What happened at Qana was, almost certainly, what happened at Jenin in 2002, what happened on a beach in Gaza a few weeks ago, and what has happened on innumerable other occasions. The Israelis are instantaneously accused and convicted of a monstrous and perhaps intentional act of butchery, by people quite incurious about the facts. Their pathological hatred of “Zionism” is all the proof they need. These are people who seldom bother to shed even crocodile tears when Jews are blown to pieces by suicide bombers, or rockets are fired indiscriminately into their homes; but become tremendously excited when the news breaks that some Israeli retaliation may have gone wrong. [....]

I have no idea what actually happened. But in the absence of a credible investigation, nobody else has, either; and the dramatic media presentation of the story “as told by Hezbollah” must be assigned to the annals of anti-Israeli propaganda, not journalism.
The wesbites at which Morley sneers continue to investigate, uncovering further inconsistencies, while answering earlier questions. Sadly, the readers of the Washington Post are left with the kind of ignorance George Orwell called bliss.

Hat tips: Clarice Feldman and Richard Baehr



Thomas Lifson
 
Okay, this mornings reading. (I'll use the words MSN and Alternative)

MSM reports of Isrealian attacks mainly.
Alternative of another 100 rockets and threats about Tel Aviv.

As further proving a media bias, nothing new, I have to reflect on another thing:
We are supposed to read about the success for the side NOT supported by the newspaper. That is shrewd since people generally sympahize with the underdog. A plain propaganda would have done the opposite. In other words it is not about reporting events but to influence me in this or that way - ugly!
 
ErikViking said:
Okay, this mornings reading. (I'll use the words MSN and Alternative)

MSM reports of Isrealian attacks mainly.
Alternative of another 100 rockets and threats about Tel Aviv.

As further proving a media bias, nothing new, I have to reflect on another thing:
We are supposed to read about the success for the side NOT supported by the newspaper.

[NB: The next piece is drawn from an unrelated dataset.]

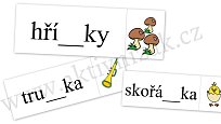 Pomůcka slouží dětem k doplňování párových souhlásek uprostřed slov. Každá karta obsahuje napsané slovo bez prostředního písmena a namalovaný obrázek příslušného slova.

That is shrewd since people generally sympahize with the underdog. A plain propaganda would have done the opposite. In other words it is not about reporting events but to influence me in this or that way - ugly!
Yep. I sometimes worry about people that really only use say the 6 o'clock news to keep informed. At least in the US, fewer are turning to say the daily news, which is too bad, in spite of bias. With the newspaper it's inevitable that when you read the headline and the first few paragraphs, your brain figures 'here's what comes next', when it doesn't and instead you pick up a few facts that fly in the face of all that came before, there's a 'what???' moment, you go back, thinking 'I must have missed something...' Nope, then you are left to wonder.

Doesn't happen with TV so much or talk radio, those images and rants just keep coming at ya, usually when you are also doing something else.